African theologians have also offered powerful correctives to a Rome-centered theology over the years. In a 1986 America article responding to the Congregation for the Doctrine of the Faith’s indictment of liberation theology in its “Instruction on Christian Freedom and Liberation,” the theologian Alfred T. Hennelly, S.J., turned to Laurenti Magesa’s work in his lament of the document’s soft-pedaling of social and structural sin. Praising Magesa for “the best depiction I have found of the profound primary evil of social sin,” he quoted him at length:
The worst type of sin, in fact the only ‘mortal sin’ which has enslaved man for the greater part of his history, is the institutionalized sin. Under the institution, vice appears to be, or is actually turned into, virtue. Apathy toward evil is thus engendered; recognition of sin becomes totally effaced; sinful institutions become absolutized, almost idolized… recognition of sin, and therefore repentance for sin, is made practically impossible when sin is idolized as an institution.

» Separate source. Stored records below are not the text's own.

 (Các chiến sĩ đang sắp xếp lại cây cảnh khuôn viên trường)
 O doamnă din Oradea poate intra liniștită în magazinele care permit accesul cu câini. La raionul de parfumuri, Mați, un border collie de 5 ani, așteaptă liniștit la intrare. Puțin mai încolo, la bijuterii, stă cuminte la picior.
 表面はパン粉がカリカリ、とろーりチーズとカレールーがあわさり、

Magesa’s insight—and its powerful indictment of exactly the kind of personalized morality that the C.D.F. document seemed to endorse—did not necessarily come from his study of Latin American liberation theologians, however. One might note that already by 1980, Bénézet Bujo was writing on the need to stress orthopraxy along with orthodoxy in Les exigences du message évangélique. Further, there are obvious parallels between Magesa’s indictment and the work of many other African theologians who emphasize the role of the community in religious and spiritual life, including the aforementioned Jean-Marc Ela.

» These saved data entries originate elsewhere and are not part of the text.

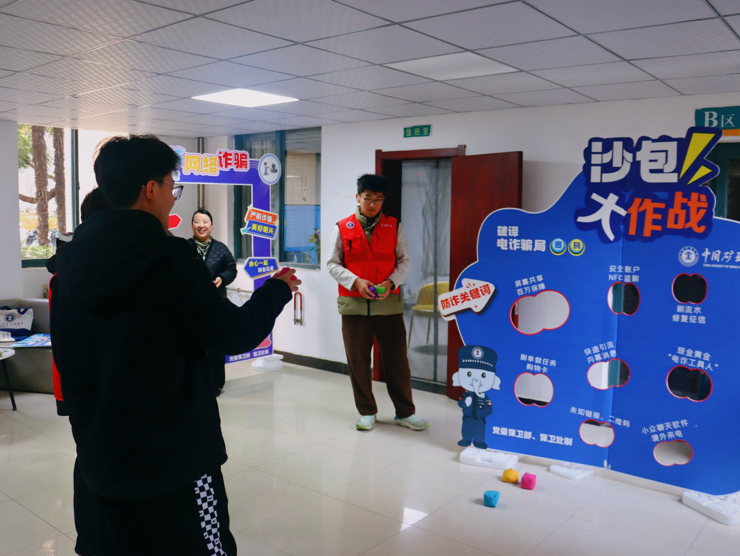 活动现场设置了“反诈科普”与“趣味互动”两大核心区域,内容丰富、形式新颖。在“反诈科普”区,图文并茂的宣传展板直观呈现了刷单返利、冒充客服、虚假贷款等高发电信诈骗类型,志愿者结合真实案例,细致讲解诈骗分子的惯用手段与识别技巧。现场还同步开展小程序反诈知识测试,帮助同学们查漏补缺,系统性构建反诈知识体系。“趣味互动”区更是热闹非凡,“玩套圈,防圈套”游戏中,同学们瞄准写有诈骗场景的目标道具精准投掷,在趣味比拼中强化对诈骗陷阱的辨别能力;“反诈沙包大作战”则让大家通过投掷沙包“击中”反诈知识点,答对即可领取文创奖品。两项游戏将反诈知识巧妙融入其中,让同学们在欢声笑语中加深记忆,现场参与热情高涨。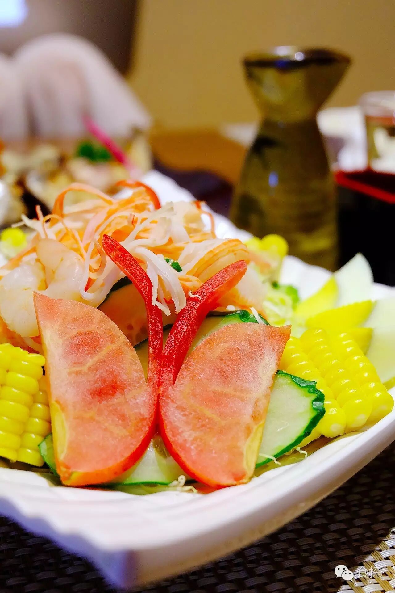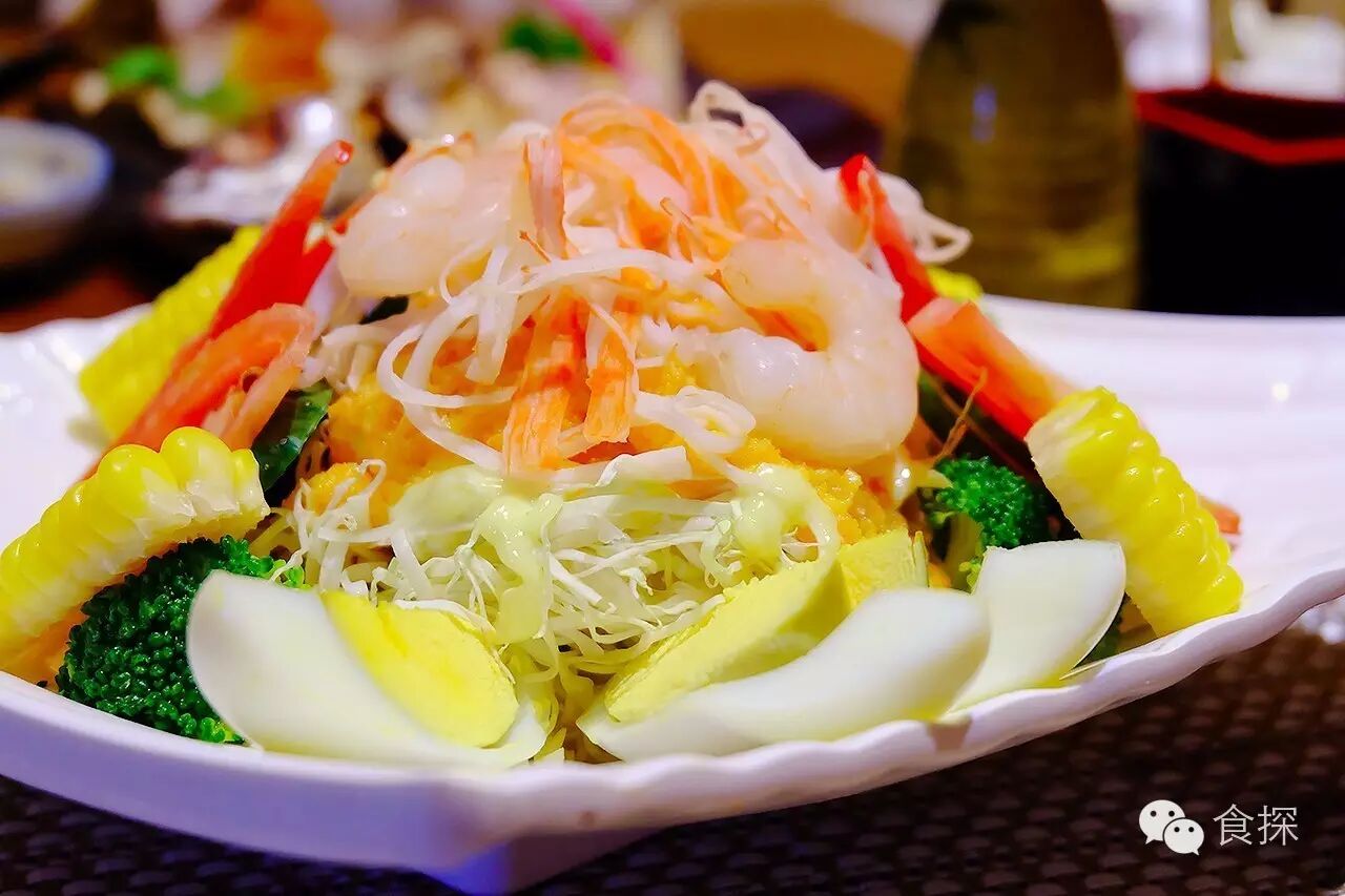 | 和风招牌沙拉 | 沙拉酸甜开胃,没有人会说不爱的吧,夏天的色彩完美融合在碟子里,切成丝状的蟹棒和去首尾的大虾和素菜一起用浓郁可口的和风沙拉酱拌匀。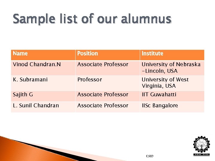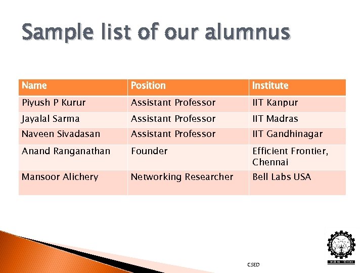 Sample list of our alumnus Name Position Institute Piyush P Kurur Assistant Professor IIT Kanpur Jayalal Sarma Assistant Professor IIT Madras Naveen Sivadasan Assistant Professor IIT Gandhinagar Anand Ranganathan Founder Efficient Frontier, Chennai Mansoor Alichery Networking Researcher Bell Labs USA CSED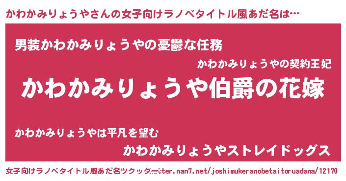 | 男性向けラノベタイトル風あだ名 | 『やはりかわかみりょうやの青春ラブコメはまちがっている 』 |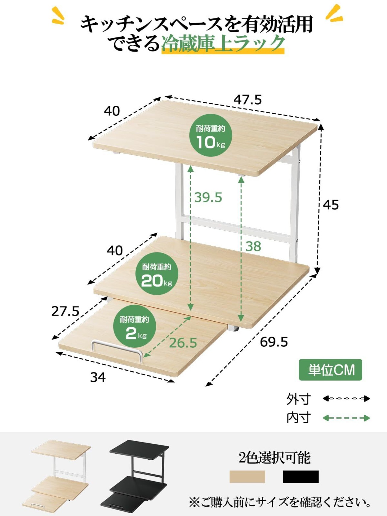 【冷蔵庫上ラック仕様】■サイズ 約幅47.5×奥行43.5~69.5×高さ45cm ■商品重量5.3Kg ■耐荷重 上棚約10Kg、下棚約20Kg、スライドトレー約2Kg ■ブラック/ナチュラル2色展開 冷蔵庫上をかしこく有効活用することで、無駄のないすっきりしたキッチンに。場所を取らずに収納スペースを確保できる。冷蔵庫周りがすっきり!ワンルームにお住まいの方や「キッチンの収納スペースが足りない!」と感じている方におすすめ。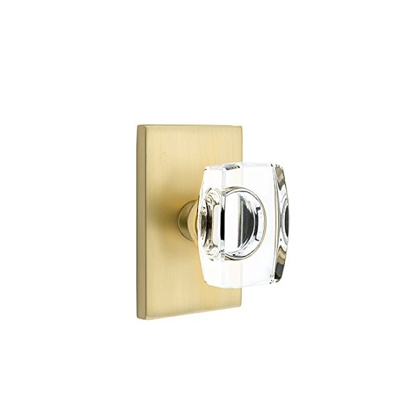 Emtek Privacy Set, Modern Rectangle Rosette, Modern Windsor Crystal Knob (Satin Brass)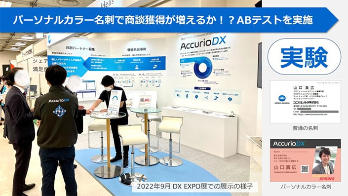 そしてまずは、コニカミノルタが出展する展示会でパーソナルカラー名刺を使い、商談獲得が多くなるかどうか、実際のビジネスの場を活用したABテストを実施することが決まった。この実証実験は、パーソナルカラーの活用場面を具体的にし、顧客像や提供価値を洗練することで、パーソナルカラーがどこまでビジネス成長に寄与できるかを確かめる新たな取り組みとなった。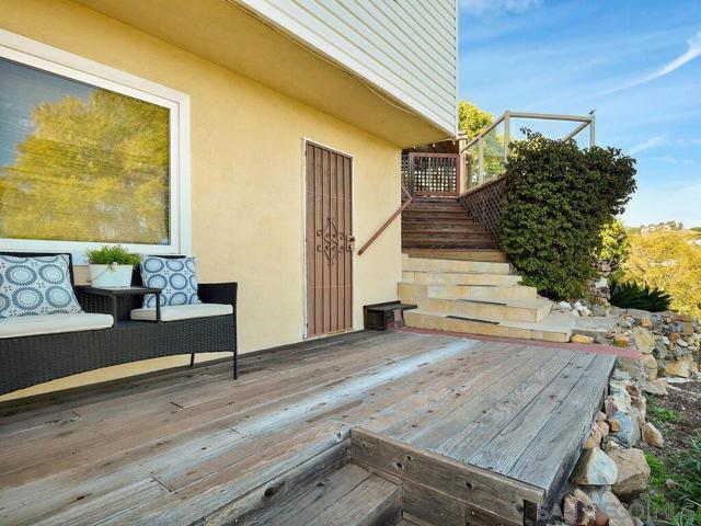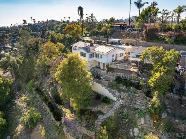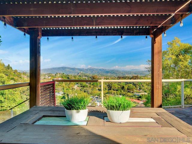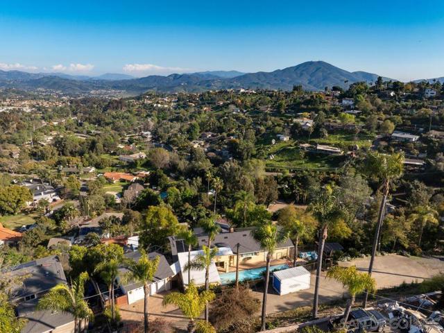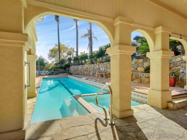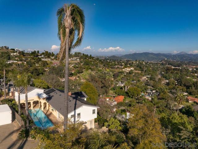SWEOBTW $1,279,000 - $1,379,000. NOT A DRIVE BY! YOU MUST COME INSIDE THIS SPECIAL PROPERTY TO EXPERIENCE THE INCREDIBLE LAYOUT, STUNNING VIEWS AND MASSIVE POTENTIAL! Welcome to this Mt. Helix residence offering BREATHTAKING PANORAMIC MOUNTAIN & WESTERLY VIEWS that will captivate you from every angle. Step inside to discover a well-appointed interior that lives like an expansive single level home w/3 bdrms, 2.5 baths and gorgeous living space all on the same level. In addition to the main level, this home offers a lower level accessed from the interior or use separate exterior entrance for possible guest quarters. Currently, downstairs functions as a den/recreation room & guest overflow. Put plans together to build it out as a refined and redefined guest suite(s) with plumbing already in place. Outside, you'll find a private, below-ground pool and hot tub, as well as a terraced back yard mature fruit trees, and multiple patios with panoramic view perspectives for outdoor enjoyment and entertaining. The property is equipped with central AC & heating, dual paned windows, whole house fan, new roof (2023), & owned solar panels (pool/spa & house) for energy efficiency. Whether you're enjoying the serene outdoor spaces or taking in the stunning views from almost anywhere on the property, this home offers a perfect blend of comfort, luxury, and natural beauty. Don't miss the opportunity to make this your own slice of paradise.

Ela, noting the cultural and economic impoverishment that colonial structures brought to so many Africans, turned in books like My Faith as an African to the Gospels for scriptural support for liberative theologies in his advocacy for underprivileged and marginalized communities. Christianity would be credible in Africa, he argued, only when African Christians were free of the structures of exploitation that had accompanied the arrival and establishment of the colonial church. The same conclusion was reached by many liberation theologians, to be sure—but from a somewhat different cultural and historical milieu.
In 2020, Bénézet Bujo published Quelle Eglise pour un christianisme authentiquement africain? Universalité dans la diversité. (Roughly translated as “Which church for an authentically African Christianity? Universality in diversity,” it has not yet been translated into English.) In an interview with Vatican News the next year, he explained one of his motivations for writing it: the 1969 exhortation of Pope Paul VI to African Christians on his visit to Kampala, Uganda, in which the pope noted that “the church of Christ is well and truly planted in this blessed soil” and that Africans were now missionaries themselves. It is a reality to which not only the theological academy can attest, but many American and European Catholics in the pews as well, if for no other reason than the “blessed reflex,” the presence of so many African priests and men and women now evangelizing both continents.

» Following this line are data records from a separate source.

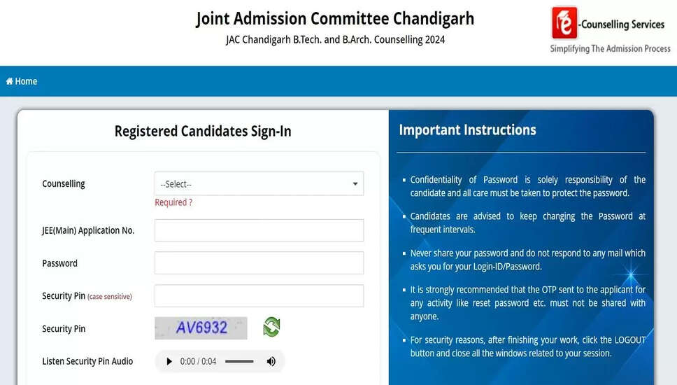 जेएसी चंडीगढ़ काउंसलिंग पंजीकरण ऑनलाइन पूरा करने के लिए इन चरणों का पालन करें: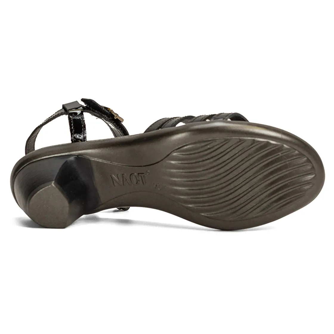 Naot Current is a dressy and strappy heeled sandal. Featuring a supportive heel cup and adjustable buckle strap, the outsole has a 2-inch heel that won’t slip. An anatomic cork and latex footbed is wrapped in leather with a microfiber center to prevent slipping and molds to the shape of feet with wear.• Strappy Upper Design.• Anatomic Cork and Latex Footbed.• Lightweight and Flexible Rubber Sole.• Adjustable Buckle Strap.• Heel Height: 2 inches.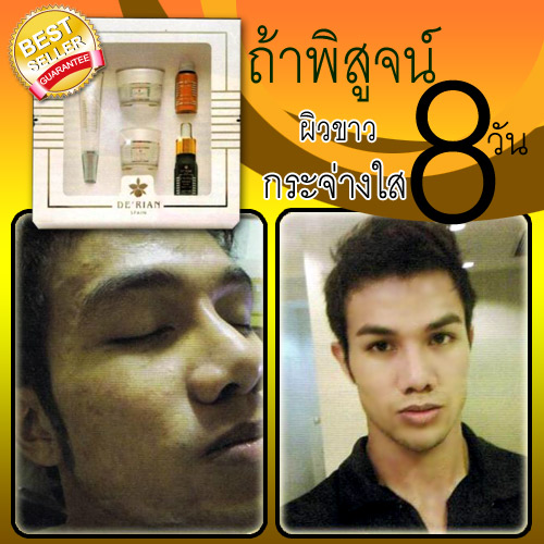 “ปกติผมเคยเป็นคนแพ้ง่าย เคยเป็นสิวเยอะมากจนทำให้มีจุดด่างดำ รอยสิว ที่หนักที่สุดเห็นจะเป้นหลุมสิว ขนาดยิงเลเซอร์ก้ยังไม่ดีขึ้น ตอนนี้ผมใช้เดอแรงค์ ยังไม่ถึง 2 เดือน หน้าผมเปลี่ยนแปลงแบบเห็นได้ชัดมากครับ หน้าผมขาวขึ้น รอยสิวและหลุมสิวดูดีขึ้นมาก ผลที่ได้จากการใช้เดอแรงค์ ผมพอใจยิ่งกว่าเลเซอร์อีกครับ” คุณนภัทร โภคาสัมฤทธิ์ (นักธุรกิจ)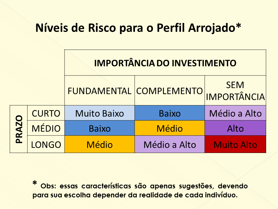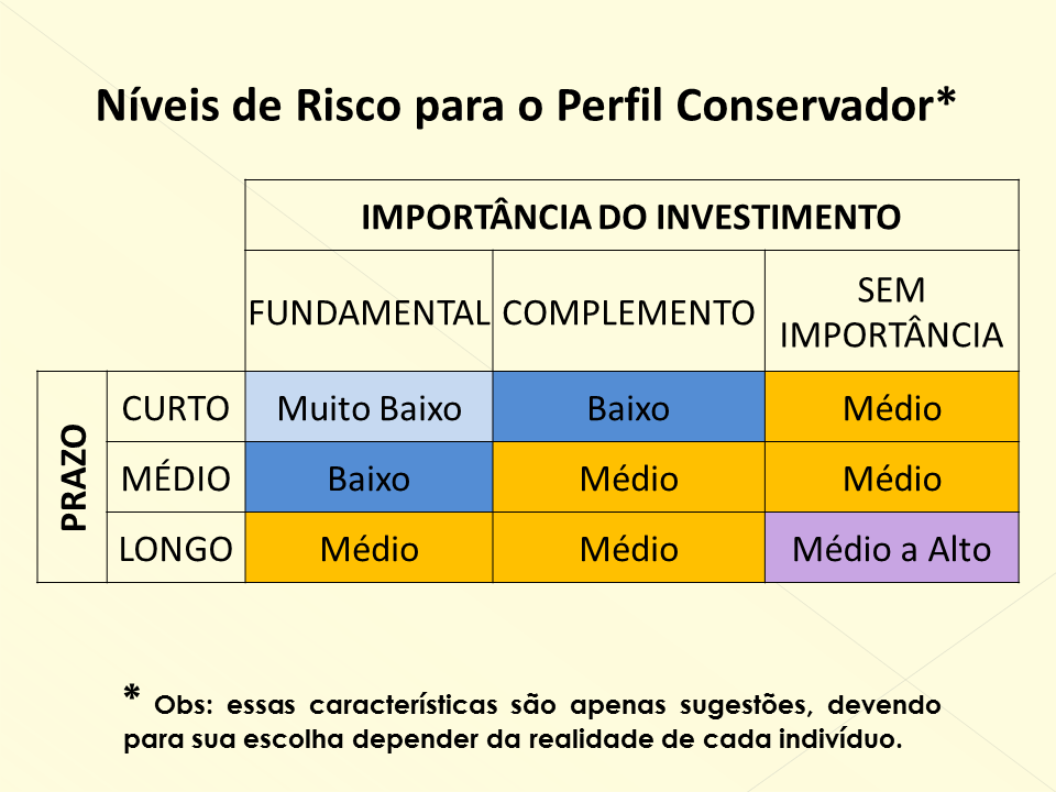 Cada tabela sugere* para cada tipo de perfil do investidor quais os graus de risco dos investimentos ele pode se basear levando em consideração a importância e o prazo. Basta então escolher os investimentos que se encaixam no cruzamento destas variantes.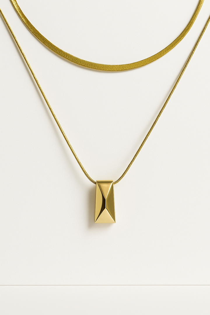 This dual-layer design pairs a sleek herringbone chain with a fine link chain, showcasing a unique pyramid-bar pendant that reflects light from every angle.

It reminded me of something I wrote back in 2014, after visiting Nairobi and meeting so many young African theologians. I thought of Hilaire Belloc’s claim a century ago that “the church is Europe, and Europe is the church,” and wondered: “Might some future pundit turn Belloc’s now-quaint parochialism on its head, and note that ‘The faith is Africa, and Africa is the faith’?”
Might some future pundit turn Belloc’s now-quaint parochialism on its head, and note that ‘The faith is Africa, and Africa is the faith’?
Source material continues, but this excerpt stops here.